Opened 2 years ago

Last modified 9 months ago

#13944 new feature request

Introduce synchronized FFI

Reported by: winter Owned by:
Priority: normal Milestone: 8.10.1
Component: Compiler Version: 8.0.1
Keywords: Cc:
Operating System: Unknown/Multiple Architecture: Unknown/Multiple
Type of failure: None/Unknown Test Case:
Blocked By: Blocking:
Related Tickets: Differential Rev(s):
Wiki Page:

Description (last modified by winter)

During hacking on ghc I/O libraries, i find an interesting situation, to summarize: There're some FFI calls that vary a lot in time duration, this makes unsafe FFI bad because it make GC hard to synchronize all capacities. OTOH safe FFI 's overhead is too large to justify its usage.

After some thought i think we should introduce a new FFI type, let call it synchronized for now, it should:

  1. Have the same requirement as safe FFI of what kind of argument we can pass, e.g. pinned ByteArray, pass by value primitive type, etc.
  1. It works like unsafe FFI call by directly jump to c code using current capacity's stack.
  1. It should mark current capacity GC ready, and doesn't participate next GC.
  1. When the FFI finish, if we're GC ing, put current capaity into sleep(if we can find a way to let it join parallel GC that would be better). Otherwise it continue to work.
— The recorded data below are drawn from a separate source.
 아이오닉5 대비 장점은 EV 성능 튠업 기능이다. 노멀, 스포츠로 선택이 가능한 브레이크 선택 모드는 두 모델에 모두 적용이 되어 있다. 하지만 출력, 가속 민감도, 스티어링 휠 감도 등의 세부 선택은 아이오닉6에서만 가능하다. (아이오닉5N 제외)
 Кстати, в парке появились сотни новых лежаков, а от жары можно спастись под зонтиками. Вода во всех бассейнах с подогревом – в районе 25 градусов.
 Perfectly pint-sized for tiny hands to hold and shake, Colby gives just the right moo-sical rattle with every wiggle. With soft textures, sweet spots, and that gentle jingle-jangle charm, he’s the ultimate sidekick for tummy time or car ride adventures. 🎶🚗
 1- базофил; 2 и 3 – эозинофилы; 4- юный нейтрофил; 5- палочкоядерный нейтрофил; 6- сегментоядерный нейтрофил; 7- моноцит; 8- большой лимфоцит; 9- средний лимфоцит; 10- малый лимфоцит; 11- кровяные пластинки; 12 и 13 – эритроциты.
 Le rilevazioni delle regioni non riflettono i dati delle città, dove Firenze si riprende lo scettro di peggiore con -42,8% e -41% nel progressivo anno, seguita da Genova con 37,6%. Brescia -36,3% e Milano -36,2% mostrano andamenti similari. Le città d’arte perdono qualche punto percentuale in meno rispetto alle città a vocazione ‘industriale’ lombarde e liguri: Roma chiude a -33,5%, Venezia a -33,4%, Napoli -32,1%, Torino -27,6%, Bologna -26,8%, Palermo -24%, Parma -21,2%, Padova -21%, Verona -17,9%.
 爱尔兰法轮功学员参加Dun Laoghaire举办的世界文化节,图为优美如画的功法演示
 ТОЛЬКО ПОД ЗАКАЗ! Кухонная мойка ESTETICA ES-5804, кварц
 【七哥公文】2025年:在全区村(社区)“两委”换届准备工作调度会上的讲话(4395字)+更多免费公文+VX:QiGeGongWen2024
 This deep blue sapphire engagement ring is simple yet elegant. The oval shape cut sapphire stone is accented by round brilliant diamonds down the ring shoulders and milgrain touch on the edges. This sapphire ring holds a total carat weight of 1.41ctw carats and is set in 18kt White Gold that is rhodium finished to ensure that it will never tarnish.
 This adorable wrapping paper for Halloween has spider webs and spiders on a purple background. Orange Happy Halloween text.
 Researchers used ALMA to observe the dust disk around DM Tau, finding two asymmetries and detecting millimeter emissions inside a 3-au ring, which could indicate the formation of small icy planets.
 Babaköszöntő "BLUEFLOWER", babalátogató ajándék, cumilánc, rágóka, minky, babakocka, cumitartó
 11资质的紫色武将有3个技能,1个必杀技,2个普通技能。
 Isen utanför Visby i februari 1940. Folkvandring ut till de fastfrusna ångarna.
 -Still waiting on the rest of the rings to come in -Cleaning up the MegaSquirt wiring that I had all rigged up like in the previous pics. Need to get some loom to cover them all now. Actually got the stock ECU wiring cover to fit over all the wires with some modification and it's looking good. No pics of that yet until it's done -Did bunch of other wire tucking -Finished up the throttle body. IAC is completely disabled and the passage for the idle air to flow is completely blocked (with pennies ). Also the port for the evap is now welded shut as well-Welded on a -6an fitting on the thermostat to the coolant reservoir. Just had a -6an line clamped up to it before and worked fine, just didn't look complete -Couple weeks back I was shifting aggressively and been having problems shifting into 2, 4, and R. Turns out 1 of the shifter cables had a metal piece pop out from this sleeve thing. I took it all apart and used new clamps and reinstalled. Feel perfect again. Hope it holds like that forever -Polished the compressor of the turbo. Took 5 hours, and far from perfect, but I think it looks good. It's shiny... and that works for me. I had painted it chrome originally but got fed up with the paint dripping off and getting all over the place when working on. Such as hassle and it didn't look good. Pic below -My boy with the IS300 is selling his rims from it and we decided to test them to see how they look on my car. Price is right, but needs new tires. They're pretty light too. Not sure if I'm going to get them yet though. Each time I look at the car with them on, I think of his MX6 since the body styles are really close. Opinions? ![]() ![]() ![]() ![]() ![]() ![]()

The point is that if a FFI call doesn't need GC guarantee, then it shouldn't stop GC running. The next GC will not be running with all threads, but that's not too terrible since it doesn't scale too much anyway, we can combine this with the new -qn RTS parameter: as long as there're more than n threads can join GC, we do GC.

Change History (17)

comment:1 Changed 2 years ago by winter

Description: modified (diff)

comment:2 Changed 2 years ago by winter

Description: modified (diff)

comment:3 Changed 2 years ago by bgamari

I don't see how this could work (or I've misunderstood your proposal). Consider that you have a thread with some reference to some heap object (call it A) sitting in another capability's nursery. Let's say that it enters a synchronized call and while the call is running a GC is started. During this GC another other capability evacuates A (producing a new object, say A') and the nursery in which it lived is freed. Now we have a situation where the thread who made the call has a reference to A, an object which existed in a no-longer-existing heap block, which it may attempt to dereference once the call completes. The distinguishing feature of the safe call mechanism is that we suspend the running thread, saving all of its state back to its TSO, where they can be handled by the garbage collector.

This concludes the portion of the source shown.